_Aim of the exercise_. Restate all of the entries exactly. Any picture in them should be skipped.

_Data for review_.
________________________________________

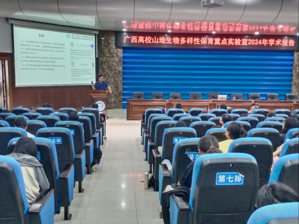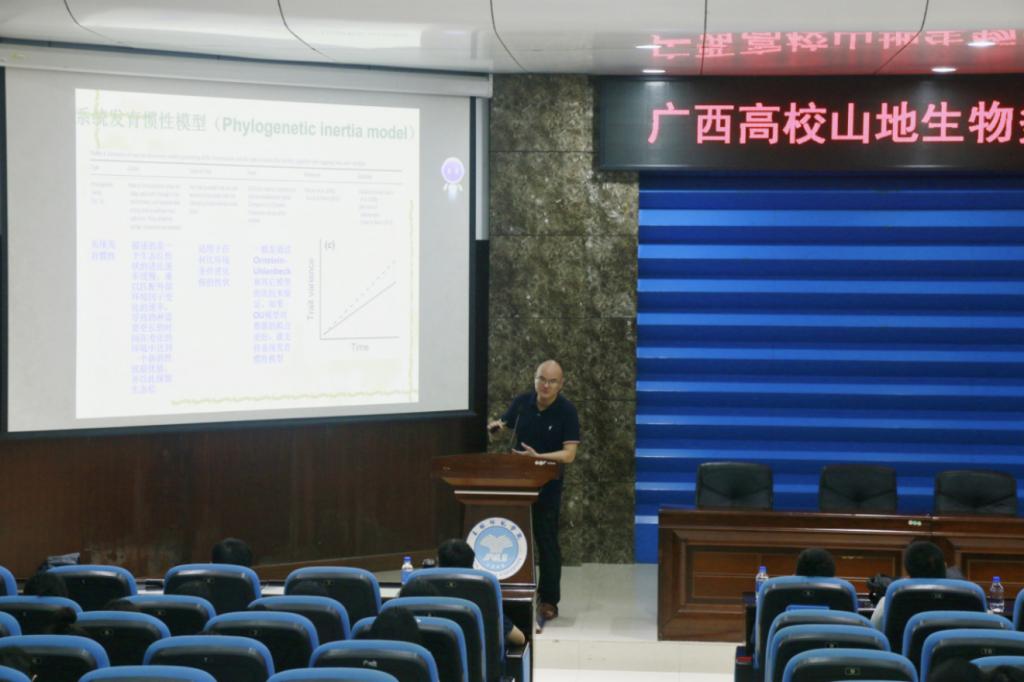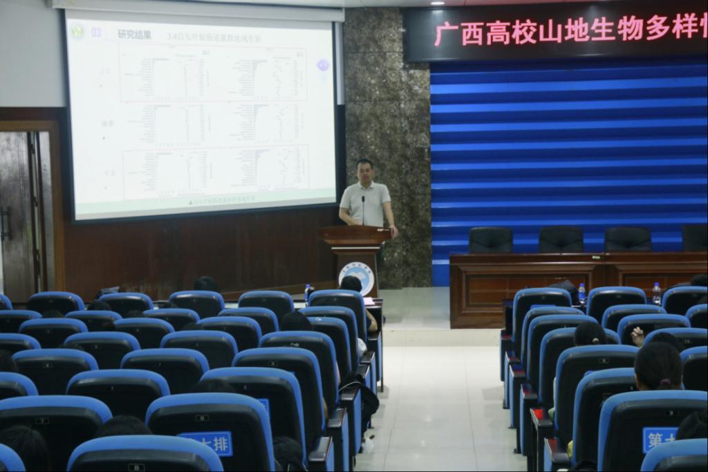 在学术报告环节,白坤栋教授做题为“植物生物地球化学生态位保守性研究进展”的主题报告;黄中豪教授做题为“石山灵长类的肠道菌群与生态适应”的主题报告;范鹏来副教授做题为“白头叶猴声音通讯:多样性、适应和功能”的主题报告;蒋骄云副教授做题为“Cd对中华圆田螺的毒性效应初步研究”的主题报告。(作者/陈剑虹 农俞乐 钟慧琪 黎琦)
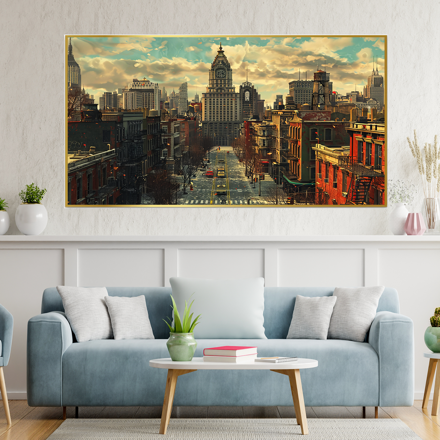 Cityscape Serenity Canvas Wall Painting with Floating Frame
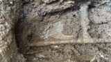 お客様にご了解をいただき植栽をよけながら掘ってみると給水管からの水漏れを発見できました。
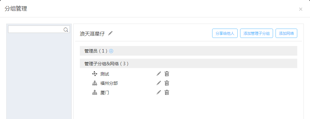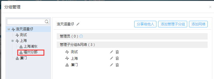 分享给他人:将这个网络分组分享出去给其他的子账户使用,其他的账号就可以对这个网络分组进行管理。
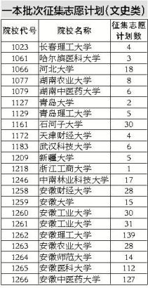 一本批次征集志愿計(jì)劃(文史類)
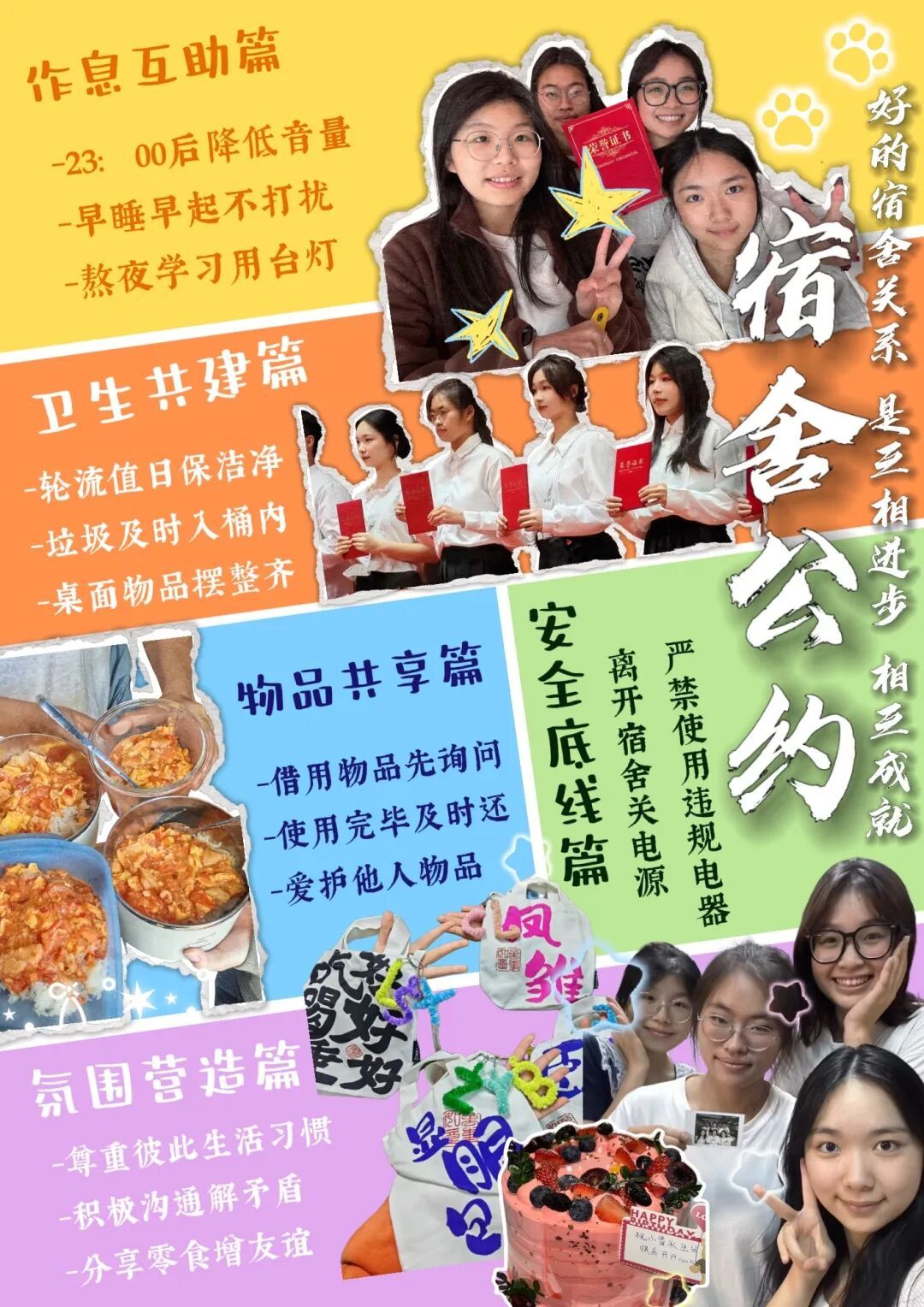 在评选过程中,各参评宿舍踊跃投入,展现出良好的精神风貌与集体凝聚力。整洁有序的居住环境、细致规范的宿舍公约、互助友爱的相处氛围,均体现了我院学子团结向上、严于律己的优良风采。经过激烈的角逐,宿舍公约评选结果如下:
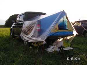 А зачем ставить палатку в багажнике когда рядом отличное поле
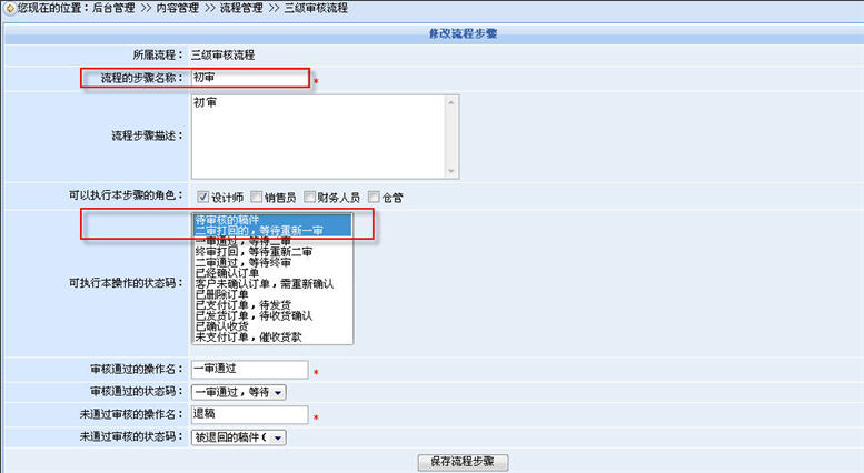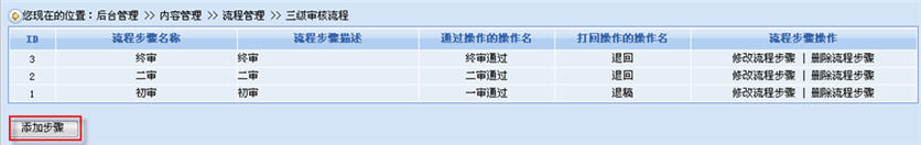在添加步驟的頁面里,我們根據(jù)所設計的三級審核流程來指定該步驟的各種參數(shù),如:步驟名稱、可執(zhí)行本步驟的角色、哪種狀態(tài)的稿件可以執(zhí)行本步驟的操作、通過(不通過)該步驟的操作的命名、通過(不通過)該步驟的稿件狀態(tài)等。

________________________________________

_Expected answer_.
 在学术报告环节,白坤栋教授做题为“植物生物地球化学生态位保守性研究进展”的主题报告;黄中豪教授做题为“石山灵长类的肠道菌群与生态适应”的主题报告;范鹏来副教授做题为“白头叶猴声音通讯:多样性、适应和功能”的主题报告;蒋骄云副教授做题为“Cd对中华圆田螺的毒性效应初步研究”的主题报告。(作者/陈剑虹 农俞乐 钟慧琪 黎琦)
 Cityscape Serenity Canvas Wall Painting with Floating Frame
 お客様にご了解をいただき植栽をよけながら掘ってみると給水管からの水漏れを発見できました。
 分享给他人:将这个网络分组分享出去给其他的子账户使用,其他的账号就可以对这个网络分组进行管理。
 一本批次征集志愿計(jì)劃(文史類)
 在评选过程中,各参评宿舍踊跃投入,展现出良好的精神风貌与集体凝聚力。整洁有序的居住环境、细致规范的宿舍公约、互助友爱的相处氛围,均体现了我院学子团结向上、严于律己的优良风采。经过激烈的角逐,宿舍公约评选结果如下:
 А зачем ставить палатку в багажнике когда рядом отличное поле
在添加步驟的頁面里,我們根據(jù)所設計的三級審核流程來指定該步驟的各種參數(shù),如:步驟名稱、可執(zhí)行本步驟的角色、哪種狀態(tài)的稿件可以執(zhí)行本步驟的操作、通過(不通過)該步驟的操作的命名、通過(不通過)該步驟的稿件狀態(tài)等。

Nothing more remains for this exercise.